Вечером, когда мы захотели спуститься с своей вышки, чтобы подышать немного перед сном чистым воздухом, мы сделали тревожное открытие, а именно: лестница оказалась осторожно отставленной. В ответ на требование подставить ее мы услышали только хохот, обличавший дьявольскую радость смеявшихся. К счастью мы открыли после некоторых стараний, что при известной ловкости с помощью бамбукового шеста можно было добраться до столбов, на которых стояла наша вышка, и спуститься по ним вниз. По соседству мы наткнулись на 4-х вооруженных ружьями батаков, очевидно, стороживших нас. В домах светились огни и слышались голоса. Вернувшись [135] назад мы стали ожидать в боязливом нетерпении возвращения Буту. Уже в нас стали шевелиться сомнения, не изменил ли он нам подобно прочим, что было бы очень плохо для нас, так как в нашем положении нам было совершенно невозможно обойтись без него: Понемногу все кругом нас затихло. Мы попытались успокоить себя чтением, но всякий шорох прерывал наше занятие, так как мы все еще не покидали уверенности, что Буту вернется. Внезапно нас охватило подозрение, что батаки подкрадываются к нашему дому. Должно быть это были стражи, которых мы встретили, когда спустились. Во всяком случае надо было удвоить осторожность. Порой мы слышали тихий шепот, к которому жадно прислушивались. Уловив обрывки чьей-то речи, мы внезапно поняли, какая опасность грозила нам.

Один голос шептал:

— Нам надо еще сегодня напасть и сожрать их.

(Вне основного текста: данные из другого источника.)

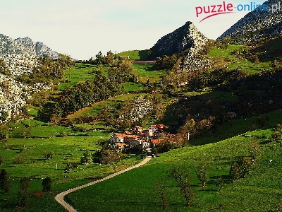 Puzzle Domy, Góry, Łąki, Hiszpania
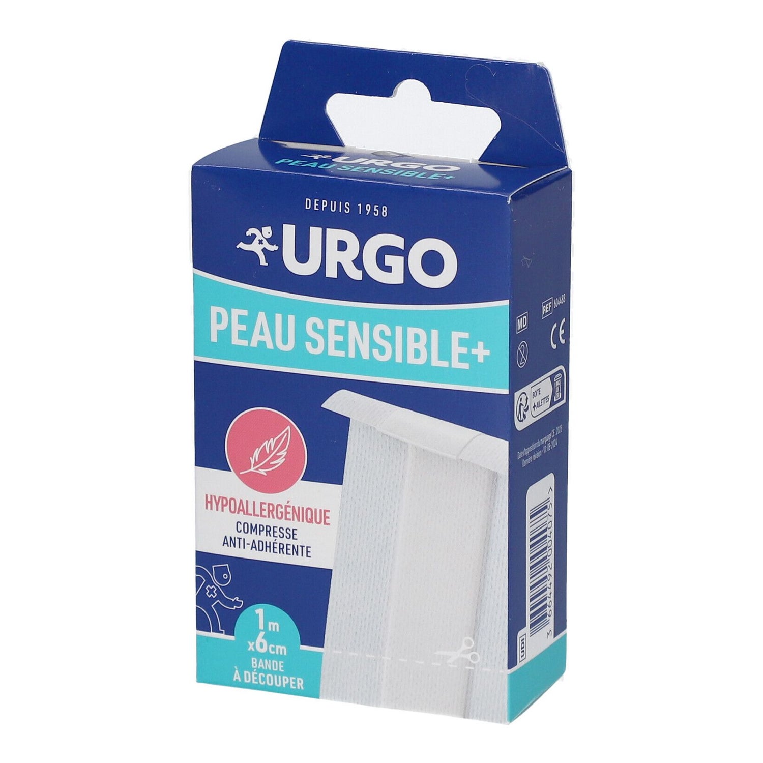 Urgo Peau Sensible+ Compresse Non-adhérente 1 m x 6 cm est un pansement spécialement conçu pour offrir une protection douce aux peaux sensibles, adapté aux personnes à partir de 3 ans.
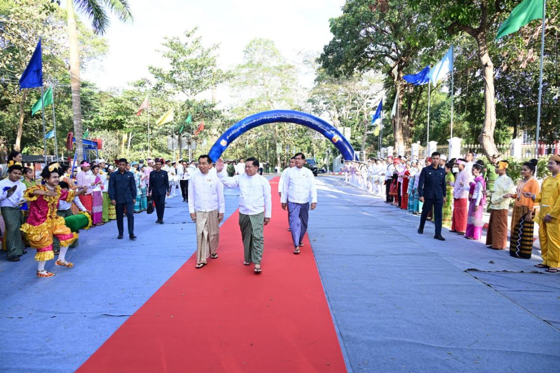ဦးစွာ နိုင်ငံတော်ယာယီသမ္မတ နိုင်ငံတော်လုံခြုံရေးနှင့်အေးချမ်းသာယာရေးကော်မရှင်ဥက္ကဋ္ဌနှင့် အဖွဲ့ဝင်များသည် အခမ်းအနားကျင်းပပြုလုပ်မည့်နေရာသို့ ရောက်ရှိကြရာ စွမ်းအင်ဝန်ကြီးဌာနမှ ဝန်ထမ်းများ၊ ကျောင်းသား၊ ကျောင်းသူများ၊ ဘင်ခရာအဖွဲ့များ၊ ရိုးရာယဉ်ကျေးမှုအကအဖွဲ့များ၊ တိုင်းရင်းသားမောင်မယ်များနှင့် တာဝန်ရှိသူများက လှိုက်လှဲနွေးထွေးစွာကြိုဆိုနှုတ်ဆက်ကြသည်။
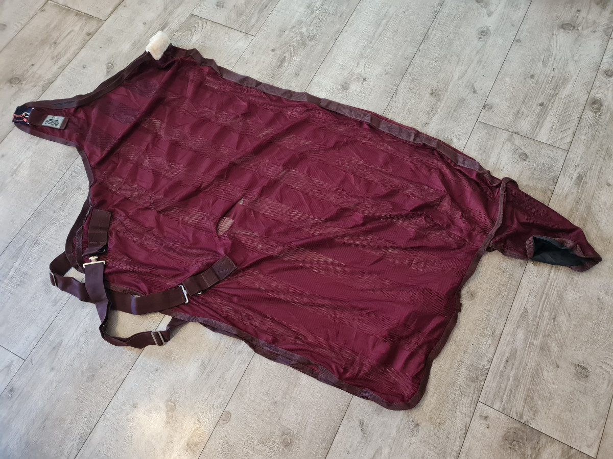 Niezwykle lekka i oddychająca derka do ćwiczeń lub do chodzenia dla koni (75 denierów) z dużym wycięciem w okolicy ramion do ochrony przed irytującymi owadami lub jako ochłoda latem, podczas transportu lub podczas relaksujących spacerów. Proste, ukryte zapięcie w kształcie litery T z dodatkowymi paskami KV i krzyżowymi zapewnia bezpieczne trzymanie. Derka posiada w okolicy barków gładką poliestrową podszewkę, która chroni konia przed otarciami. 100% poliestru.
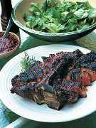 2. When the fire is medium hot (you'll be able to hold your hand just above the grate for 2 seconds), scrape off the shallots and rosemary and drain any liquid. Rub both sides of the steak with salt. Grill the steak on one side for 8 to 10 min., keeping the smaller tenderloin section over a less intense heat. If there are flare-ups, move the steak to another part of the grill. Turn the steak and grill for another 6 to 8 min. It should be rare to medium rare at this point. |
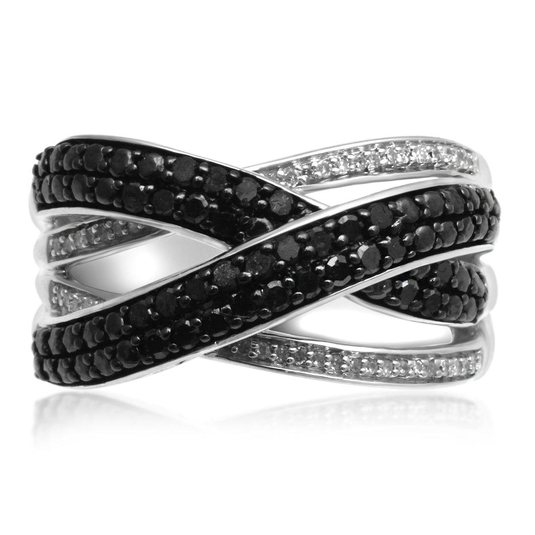 Jewelili Sterling Silver with 1/2 CTTW Round Treated Black and White Diamonds Ring
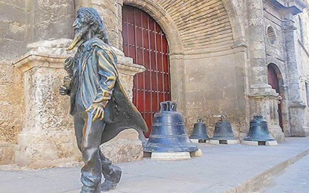 Estatua del Caballero de París, situada a la entrada de la Basílica Menor de San Francisco de Asís.
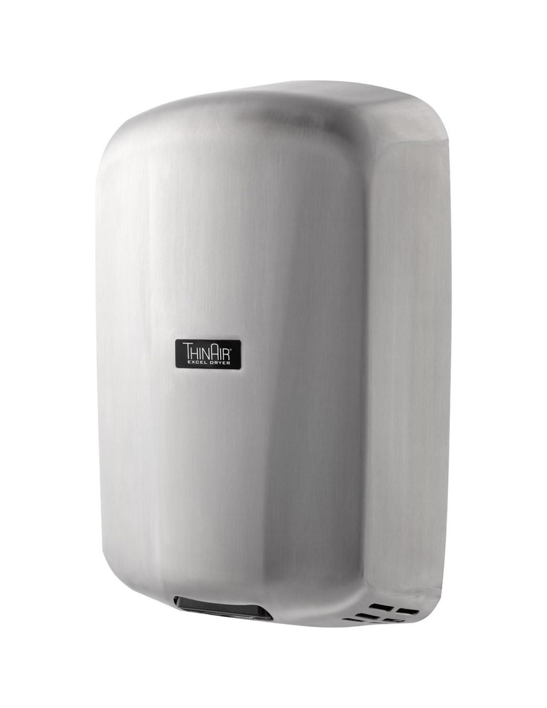 El modelo de secador de manos de alta velocidad y eficiente en energía Thin Air está montado en superficie y cumple con ADA. Seca las manos en 14 segundos* usando 950 vatios o menos, con un perfil más delgado para cumplir con los estándares de ADA.
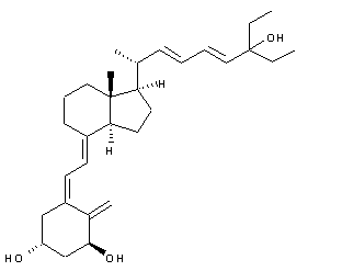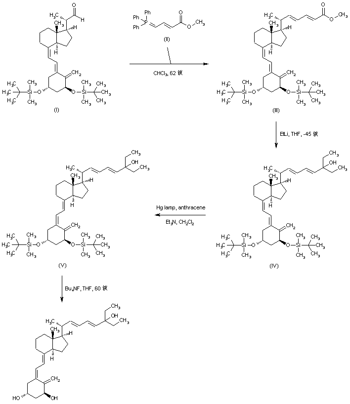 Wittig reaction of the vitamin D-derived aldehyde (I) with 3-(methoxycarbonyl)-2-propenyl-1-idene triphenylphosphorane (II) produced the dienoate ester (III). Subsequent addition of ethyllithium to the ester group of (III) furnished the tertiary alcohol (IV). Photochemical isomerization of the 5-6 double bond of (IV) gave rise to the (5Z)-isomer (V), which was finally desilylated using tetrabutylammonium fluoride in THF.

На что второй ответил таким же шепотом:

— Еще рано, у них горит свет, подождем немного.

Так вот, значит, до чего дошло! Наша смерть была уже решена!

Мысли вихрем проносились в моем мозгу, и книга моей жизни раскрылась предо мной; она была так коротка и так прекрасна, и теперь неожиданный конец! Дорогие образы близких встали предо мною, они пришли сказать мне последнее прости. Мне казалось, что я вижу во мраке свою мать, и скорбные очи ее, с упреком устремленные на меня, доставляли мне невыразимое мучение. «Бедная мать, я приготовил тебе такое горе!» Подобно тому, как я заглянул в свое прошлое, я пытался разгадать ближайшее будущее, ожидавшее нас, и понемногу моей душой овладело [136] необходимое спокойствие, я овладел собою и мог бесстрашно смотреть в глаза неизбежному.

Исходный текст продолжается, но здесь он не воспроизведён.